AudioStory – an audio generation model released by Tencent ARC

What is AudioStory？

AudioStory is an audio generation technology released by Tencent ARC Lab. It can generate high-quality long-form narrative audio based on natural language descriptions. By adopting a divide-and-conquer strategy, it breaks down complex narrative requests into sequential subtasks and coordinates semantics with audio details through a decoupling-bridging mechanism. Its end-to-end training approach enhances model synergy, resulting in audio with clear temporal logic and emotional layers.

Main Features of AudioStory

Automatic Video Dubbing: Users can upload a silent video and describe the desired audio style. AudioStory automatically analyzes the video content and generates synchronized background tracks with a unified style.
Intelligent Audio Continuation: Given an audio clip, AudioStory can infer the following scene and generate reasonable continuations. For example, from a coach’s voice during basketball training, it can add player footsteps and ball dribbling sounds.
Audiobook Creation: It provides high-quality audio content for audiobooks, generating narrative audio with temporal logic and emotional depth based on text descriptions, helping listeners immerse themselves in the story.
Game Sound Effect Production: It generates immersive sound effects for games, creating matching audio based on scene descriptions to enhance the player’s experience.
Intelligent Podcasting: It helps podcast creators quickly generate audio content. Based on topic descriptions, it produces relevant audio clips to improve creative efficiency.

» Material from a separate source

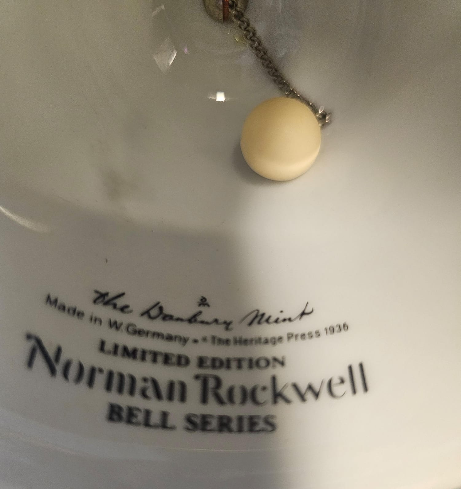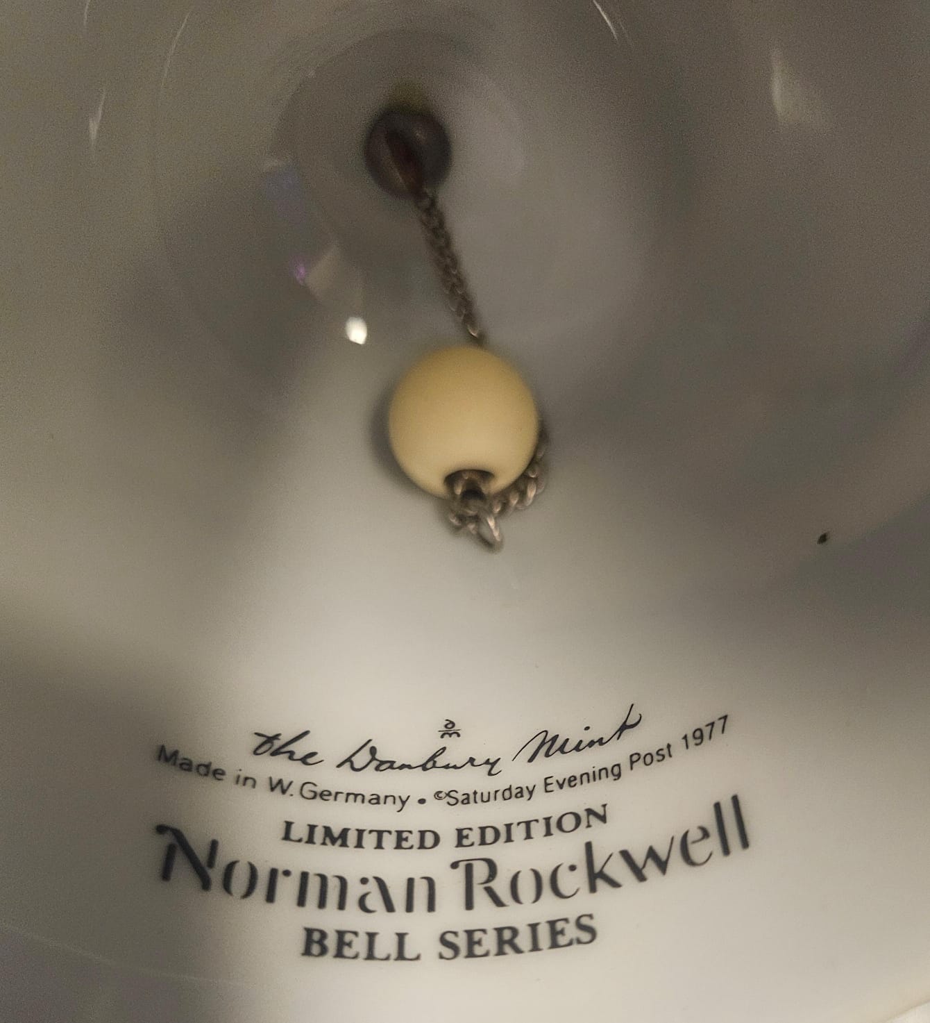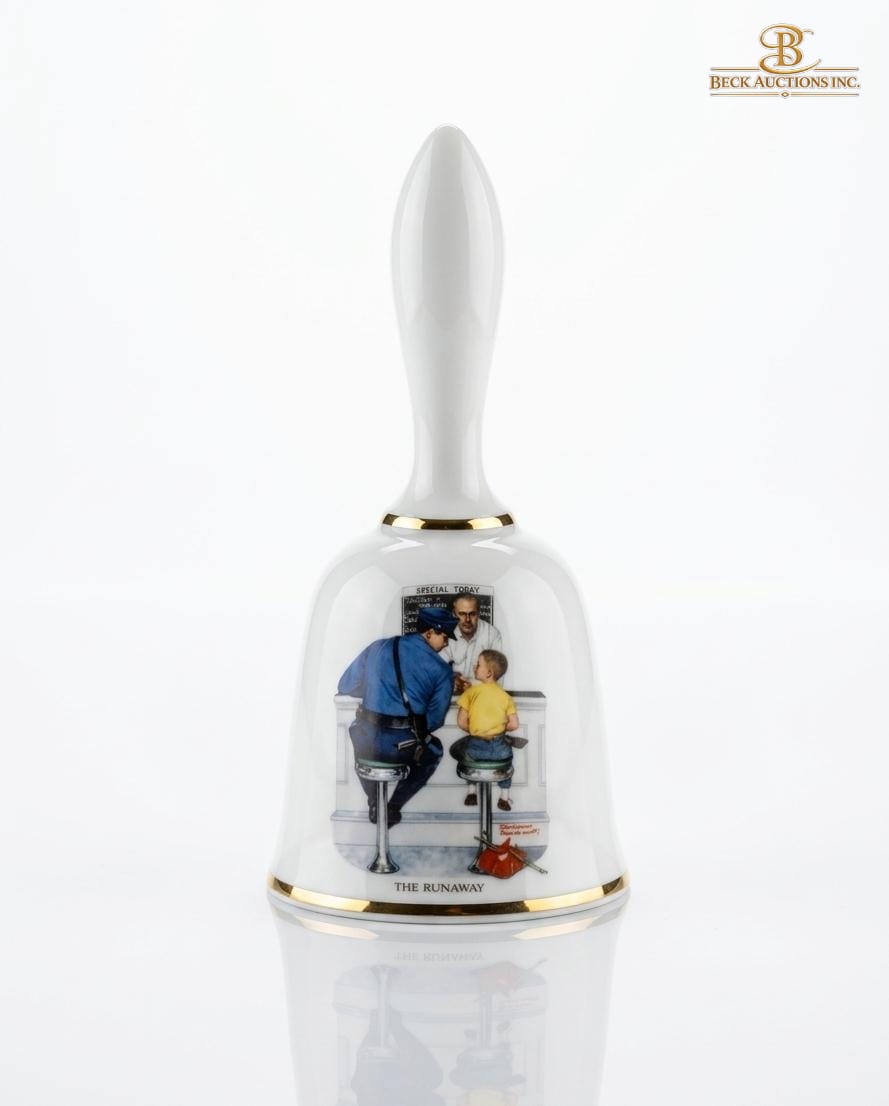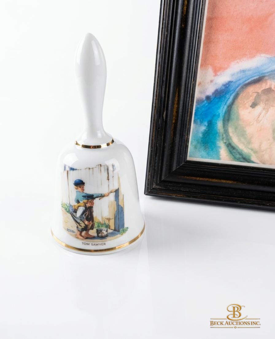 Painting Of Native American Figures, Danbury Mint Porcelain Collector Bell Featuring The Illustration "The Runaway" ''"Tom Sawyer'' By Norman Rockwell.

Technical Principles of AudioStory

Divide-and-Conquer Strategy: Breaks complex narrative requests into ordered subtasks, generates corresponding audio segments, and arranges them along a timeline to ensure coherence and logical flow.
Decoupling-Bridging Mechanism: Splits collaboration between the large language model and the audio generator into two components—bridge queries and residual queries—for intra-event semantic alignment and cross-event consistency, improving generation quality.
End-to-End Training: Uses a unified training approach to jointly optimize instruction comprehension and audio generation, strengthening model collaboration and overall performance.
Dual-Channel Mechanism with Semantic and Residual Tokens: Processes macro-level narratives and micro-level sound details separately, aligning the two to ensure that generated audio is both logically consistent and rich in detail.
Three-Stage Progressive Training: From single-sound generation, to audio coordination, to long-form narrative generation, this stepwise training improves performance and adaptability, enabling the model to handle complex long-form audio tasks.

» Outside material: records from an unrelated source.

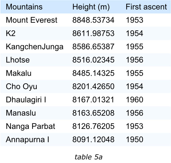 例如:找到最接近8500米的山峰,第二章表格要遠(yuǎn)比第一個(gè)表格容易。山的高度到毫米顯然沒有必要,他使得讀者誤認(rèn)為這些數(shù)據(jù)的確是經(jīng)過精準(zhǔn)測量,然而事實(shí)有可能不是這樣。根據(jù)讀者的需要提供數(shù)據(jù)的準(zhǔn)確程度,并不會(huì)削弱數(shù)據(jù)的有效性。當(dāng)然又少部分人會(huì)質(zhì)疑第二章表格的準(zhǔn)確性,但是大部分人會(huì)想山峰的高度能夠被測量的如此嗎?(山峰每年移動(dòng)的距離就遠(yuǎn)不止于此),甚至還會(huì)對從整體上對數(shù)據(jù)的有效性以及及時(shí)性提出質(zhì)疑。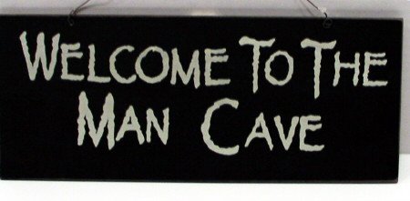Humorous rustic-looking wood sign is perfect for your man cave! Welcome to the man cave. 11" x 4.5" x 3/16" plus wire hanger.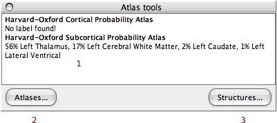 Click on the "Structures..." button (3) to open an atlas inspector dialog which will allow you to browse the structures in any given atlas. Checkboxes on the Atlas Inspector control whether the cursor jumps to the selected structure and if the structures probabilty map should be shown.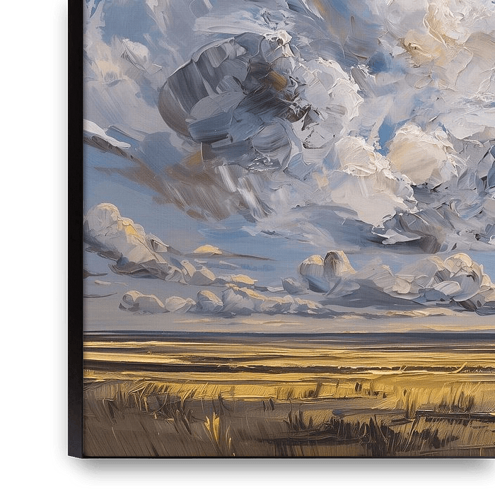 This impressive landscape artwork depicts an open plain beneath an imposing sky filled with powerful, light-filled cloud formations. The dynamic, impressionistic painting style lends movement and depth to the sky, while the tranquil landscape below radiates vastness and freedom. The interplay of light, sky and earth creates an…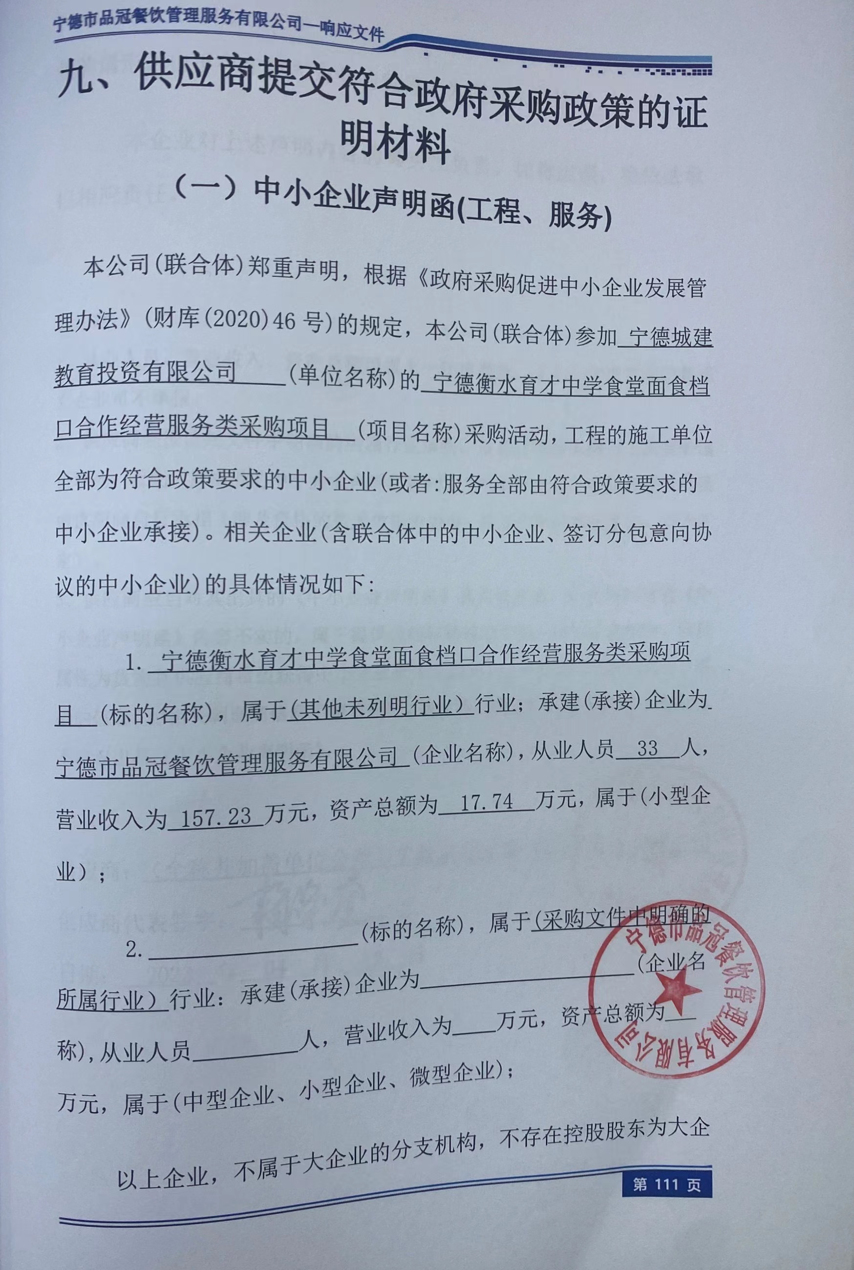 二、項目名稱:寧德衡水育才中學(xué)食堂面食檔口合作經(jīng)營服務(wù)類采購項目

Project Links for AudioStory

GitHub Repository: https://github.com/TencentARC/AudioStory
Paper: https://arxiv.org/pdf/2508.20088

Application Scenarios of AudioStory

Video Dubbing: Automatically analyzes silent videos and generates background soundtracks matching user-described audio styles.
Audio Continuation: Infers follow-up scenes and supplements audio clips reasonably, e.g., adding player footsteps to basketball training sounds.
Audiobook Creation: Generates audio with logical sequence and emotional depth based on text, enhancing the listening experience.
Game Sound Effect Generation: Produces immersive sound effects aligned with game scene descriptions, improving the gaming experience.